Years of trouble at Rivers prison
Over 200 acres in rural Winton, North Carolina are dedicated to the Rivers Correctional Institution.
The prison has mostly held immigration detainees since 2001, but was one contract prison that had an exception to hold inmates from Washington, D.C.
It wasn’t long before issues arose at the Rivers prison. Two correctional officers were caught participating in a 2003 scheme to plant evidence in an inmate’s cell, ultimately causing him to serve an extra nine months in prison, according to a 2007 DOJ press release.
Officers Eula James and Molly Holley plead guilty to the conspiracy in 2007 and were sentenced to a year and nine months in prison, respectively.
At least two officers were sentenced with prison time and another with probation for their role in beating a restrained inmate to punish him for “an earlier verbal altercation” in 2006, according to a DOJ press release.
Shortly after the officers “conspired with other officers to compose and submit false use of force reports to conceal the attack,” a 2008 press release said. The officers later gave false statements to DOJ special agents in an attempt to cover up the assault.
A DOJ report found that between 2011 and 2014 32% of substantiated inmate-on-inmate sexual misconduct cases in 14 prisons it reviewed occurred at the Rivers prison.
The same report found that Rivers prison had the highest rates of contraband, inmate assaults on staff, uses of force, inmate grievances, positive drug tests and the lowest phone monitoring rate.

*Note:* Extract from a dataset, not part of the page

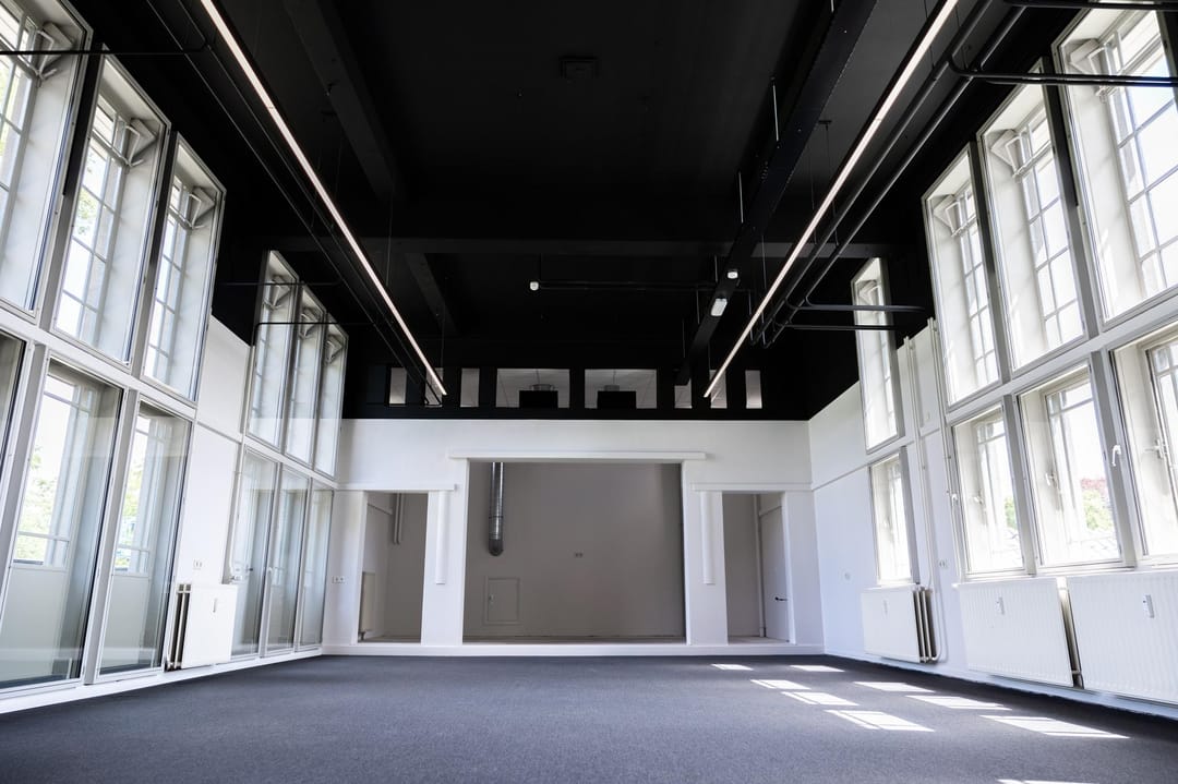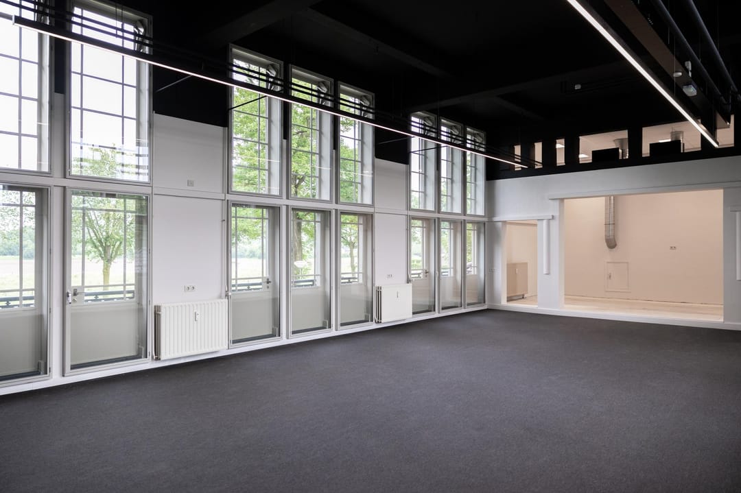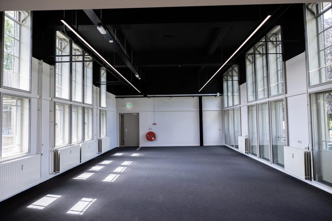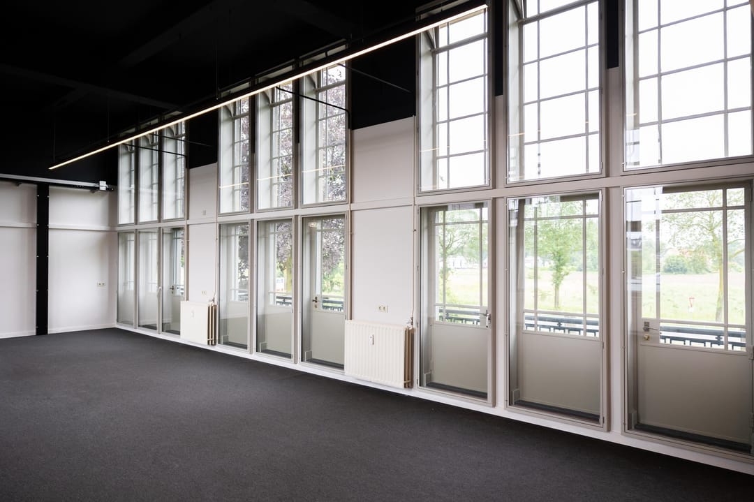 Het B gebouw is het afgelopen jaar volledig gerestaureerd en verduurzaamd. Je kunt genieten van prachtig gerestaureerde ruimtes met originele details, maar toch met een hoge mate van comfort. Op de eerste verdieping van het B gebouw is een grote ruimte van 107 m² beschikbaar. Dit was vroeger de regimentskamer. De regimentskamer was het kantoor van de commandant. Hier werden officiële en tradities tentoongesteld en uitgevoerd. Zo hingen er bijvoorbeeld vaandels en andere attributen, maar er werden ook bevorderingen van officieren uitgedeeld in deze kamer. De ruimte heeft een hoog plafond, hoge ramen aan beide zijden van de ruimte en een eigen mogelijkheid van een keuken.

And in 2020, a year before the prison’s federal contract was set to expire, The N&O reported Rivers was one prison that hadn’t reported COVID-19 cases to the Federal Bureau of Prisons’ infection and death reports.
The data didn’t include private prisons and officials didn’t share why at the time. A law professor told The N&O at the time that the lack of reporting was “just another example of dereliction of duty.”
The federal government started reporting coronavirus cases at private prisons holding federal inmates two days after The N&O published its investigation into the issue.